45Il avance en effet l’idée que, aussi génétiquement inscrite que puisse être notre vulnérabilité psychique, il y a toujours place pour des effets de rencontre et que le devenir ultérieur des processus psychiques à l’œuvre dans le champ de la petite enfance se joue également dans les effets d’après coup. À l’idée fondatrice du fonctionnement des CAMSP, notamment dans leurs fonctions de prévention, de dépistage, d’annonce et d’accompagnement, à savoir qu’à l’origine du développement, il est impossible de séparer le biologique du psychique et inversement, l’auteur adjoint une formulation complémentaire importante : « À la polyfactorialité de ce modèle, il faut ajouter que l’avenir n’est pas prévisible. Il se détermine en effet à l’interface des facteurs primaires (de vulnérabilité) et des facteurs secondaires (de maintien), lesquels ne sont que la partie connue de l’iceberg et où s’intriquent des effets de rencontre, des effets d’après coup, des éléments psychiques et relationnels et des facteurs exogènes, environnementaux au sens large, somatiques, alimentaires, écologiques, etc. ».
46La conséquence directe de cette position, également très familière aux praticiens de CAMSP, est que l’approche thérapeutique des enfants en cours de développement ne peut qu’être multidimensionnelle, position que j’ai personnellement déjà défendue dans les années 80 avec Roger Misès et Roger Perron.
47À la lumière d’une réflexion théorique très aiguisée, presque entièrement (mis à part René Bullinger) empruntée à la psychanalyse, Bernard Golse nous explique que le destin n’est ni définitif, ni prévisible, mais que la prévention reste possible, que l’avenir de nos positions infantiles demeure indéfiniment ouvert et que tous ceux qui prennent soin du bébé et de l’enfant par leur présence, leur attention, leurs interventions et finalement leur travail psychique, sont essentiels au développement de cet enfant.
48Une bonne base avant de se mettre à l’ouvrage !
49R. S.
Le développement sensori-moteur de l’enfant et ses avatars, Un parcours de recherche après Piaget, André Bullinger, Érès, 2e édition, 2010, 272 pages, 28 euros
50On ne présente plus André Bullinger, surtout à un public de professionnels des CAMSP ! Depuis de nombreuses années déjà plusieurs d’entre eux ont en effet eu la chance, soit d’entendre l’une de ses conférences, soit d’assister à l’une de ces réunions de partage autour de l’examen d’un enfant qu’il a toujours pratiquées avec bonne volonté.

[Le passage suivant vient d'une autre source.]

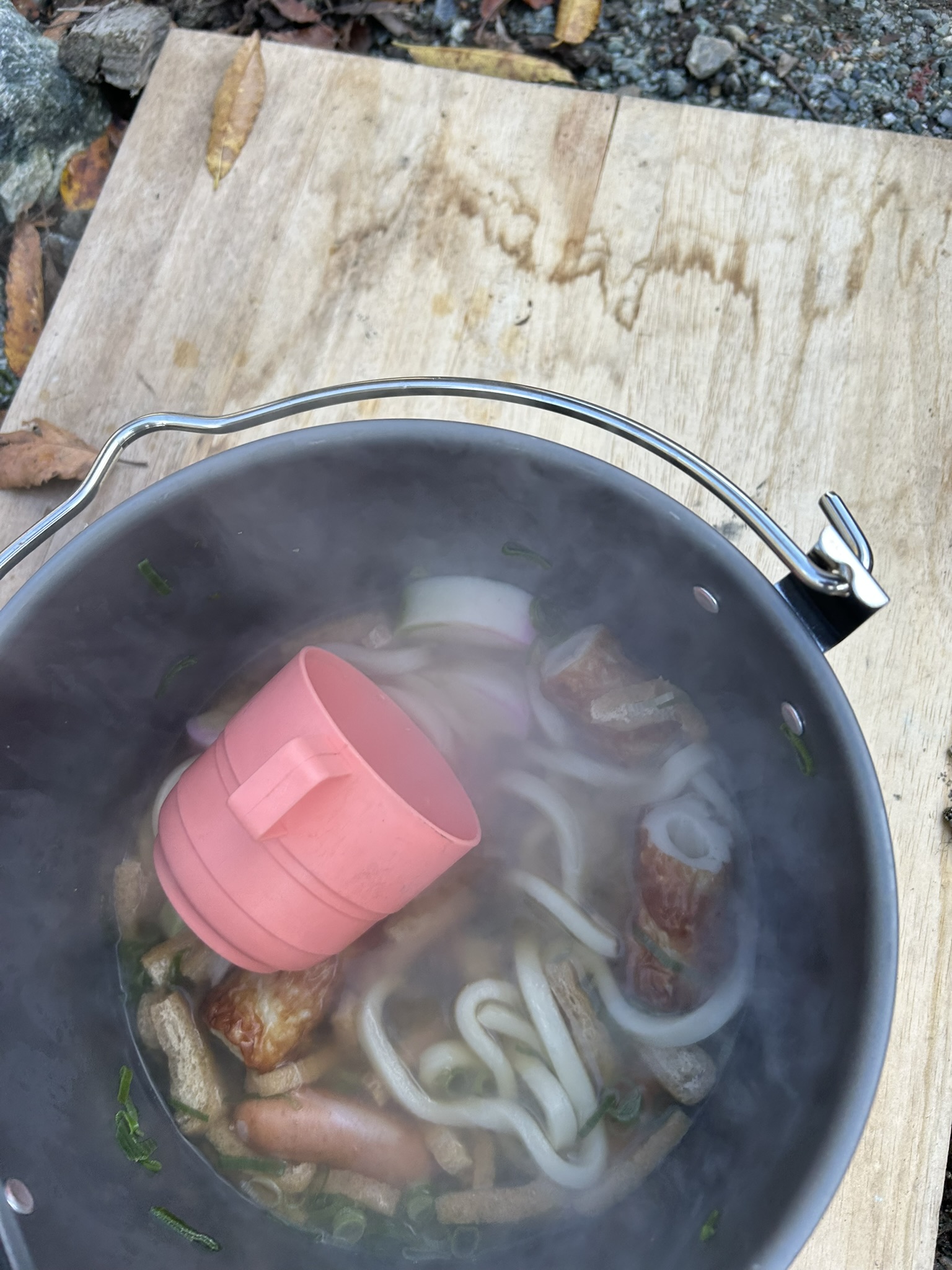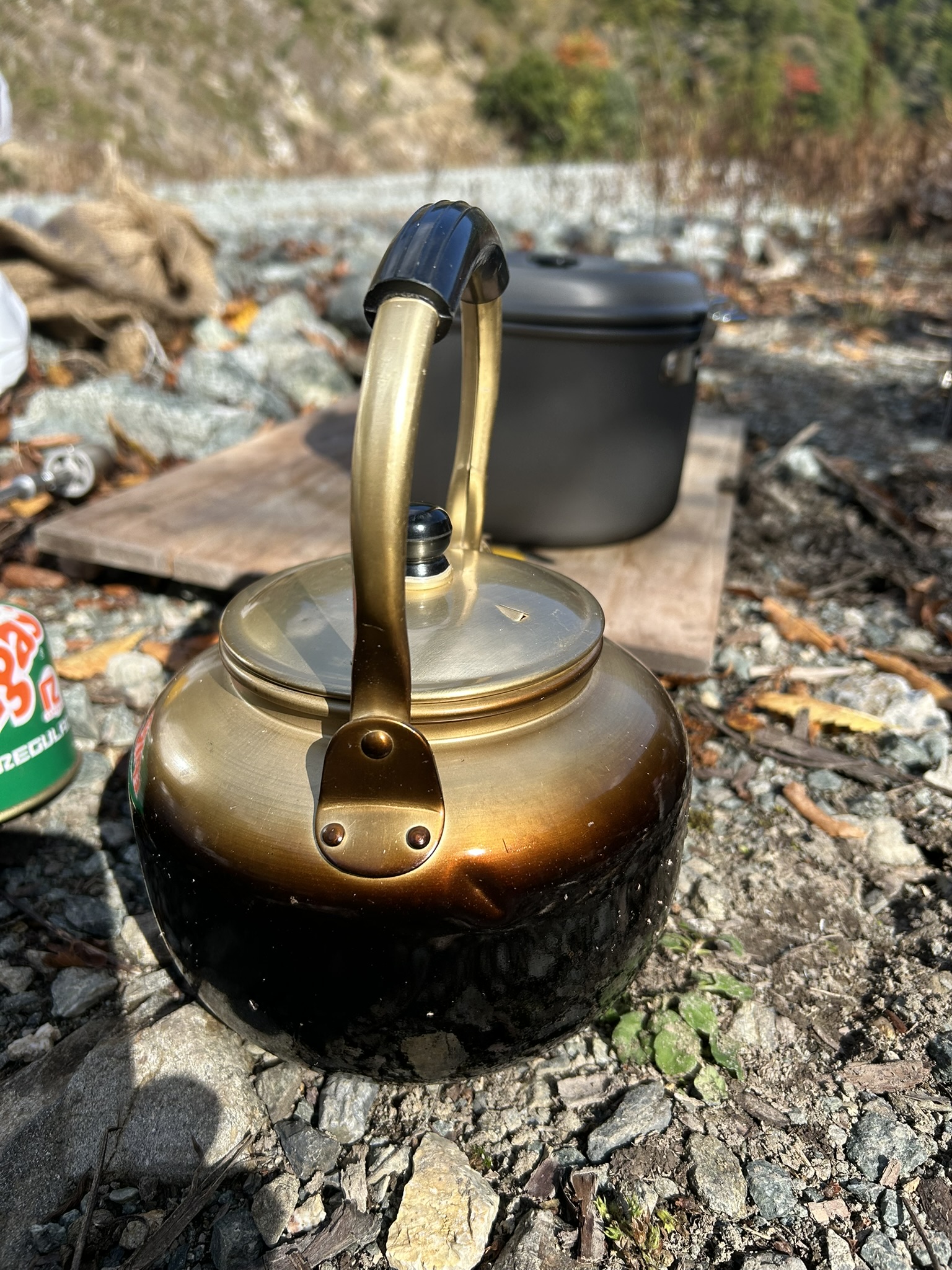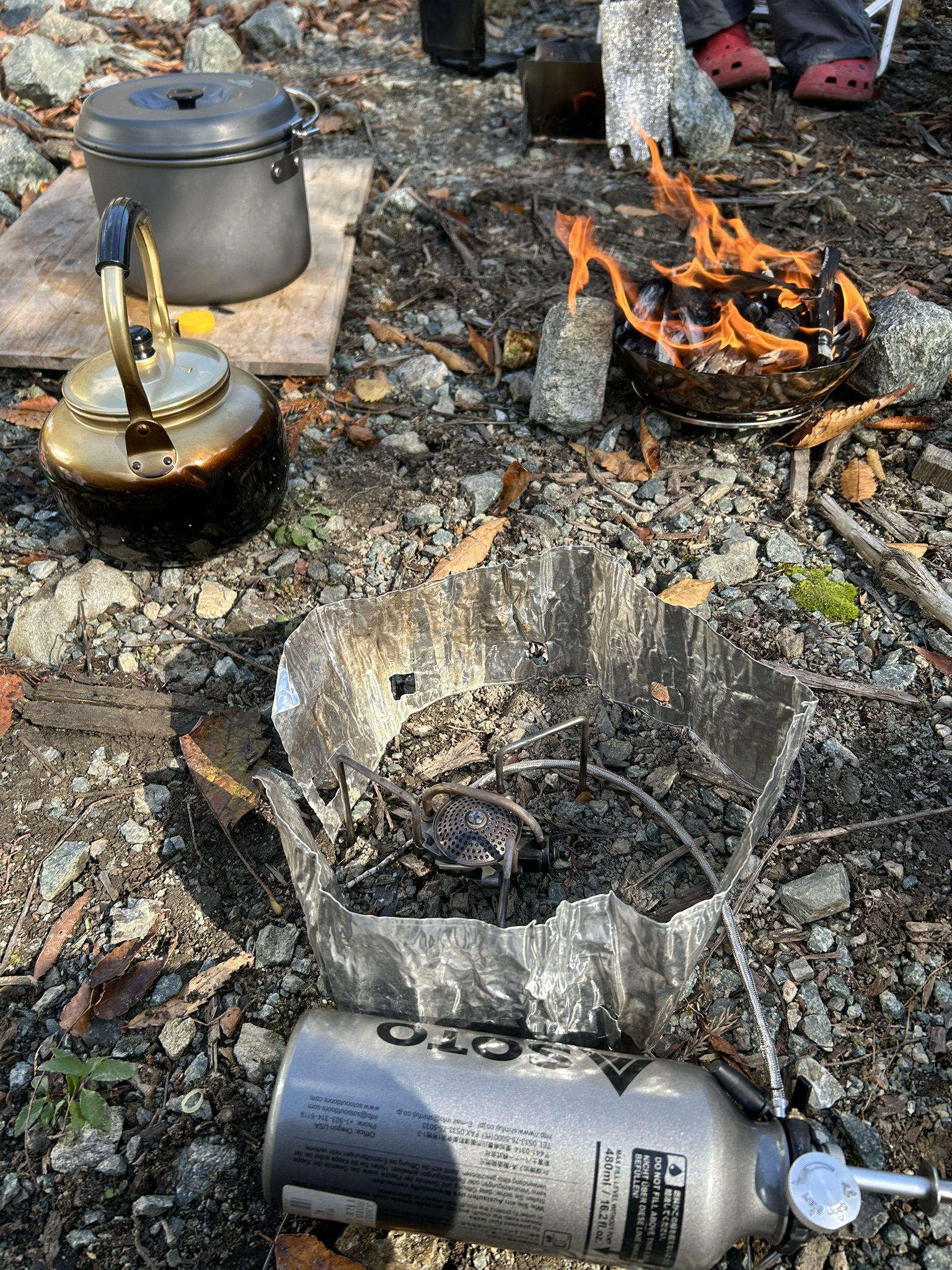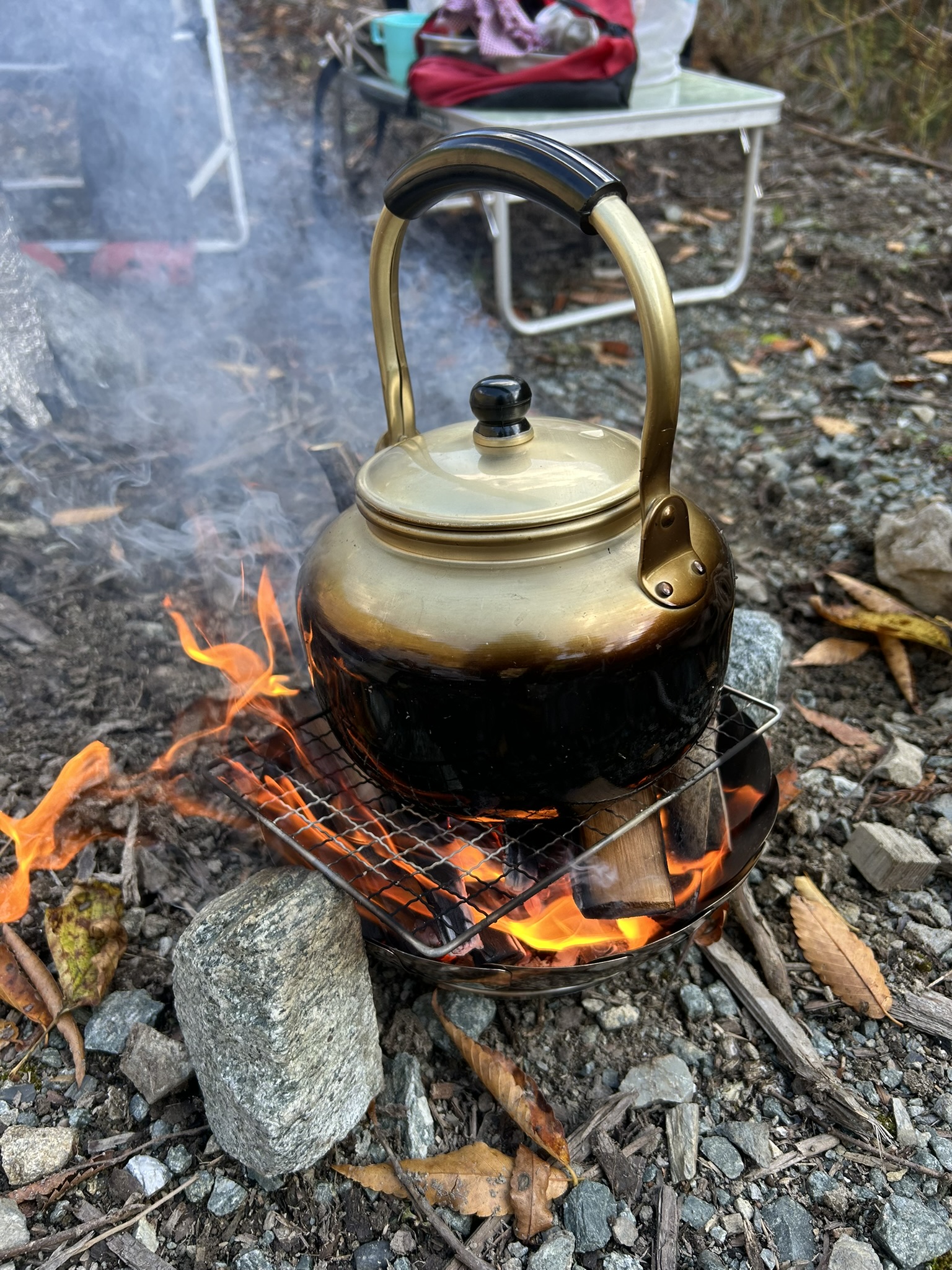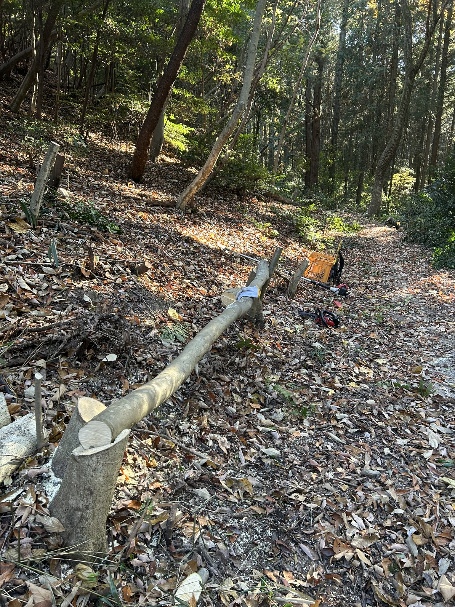 投稿日: 2025年11月16日秋の一日 先日の山行で、下山時にズルズル急坂が怖くて 今回そこにザイルを張る為にでかけた。 しかし、給水所までの所で工事中、道路を直している。 通れそうにないので引き返し、今回は未使用の焚火台、2つをテストして終わり。

Ce livre merveilleux est la réédition de l’ouvrage princeps de 2004, préfacée par Pierre Delion, qui détaille longuement la genèse de ce qui est à la fois une fascinante approche clinique des enfants et de leurs parents (toujours présents lors de la consultation) et un approfondissement théorique progressif et rigoureux. Ce dernier porte principalement sur :
- la régulation des niveaux de vigilance ;
- les différents facteurs, hédoniques, instrumentaux et toniques qui conditionnent les conduites alimentaires du bébé et les troubles de la sphère orale ;
- la régulation tonico-posturale conçue à partir des flux sensoriels ;
- les difficultés de l’intégration sensorielle.
51Cette démarche théorico-clinique originale et éclairante, basée sur le concept d’instrumentation, le rôle des flux sensoriels et la régulation tonico-posturale se répandra sous le nom de bilan sensori-moteur de l’enfant et sa structure est suffisamment malléable pour s’adapter à chaque enfant afin d’explorer toute les facettes de son développement et d’ajuster au mieux les moyens thérapeutiques. Elle a été utilisée dans toutes sortes de pathologies du déficit à l’autisme et, dans cette dernière condition, à propos du dépistage du risque autistique.
52Cet ensemble de notions et ce mouvement, à la fois participatif et rigoureux, qui pose les investigations dans un statut d’aller et retour permanent entre les bases théoriques et la situation proposée, permet un ajustement au coup par coup, d’où résulte une meilleure compréhension de chaque enfant et de ses troubles. C’est ainsi que ce type bien particulier d’examen a conquis les psychomotriciens, les psychologues et les pédopsychiatres, devenus quémandeurs d’information est de formation. L’éparpillement des textes fondateurs a rendu nécessaire leur regroupement dans un livre, afin de satisfaire une demande grandissante.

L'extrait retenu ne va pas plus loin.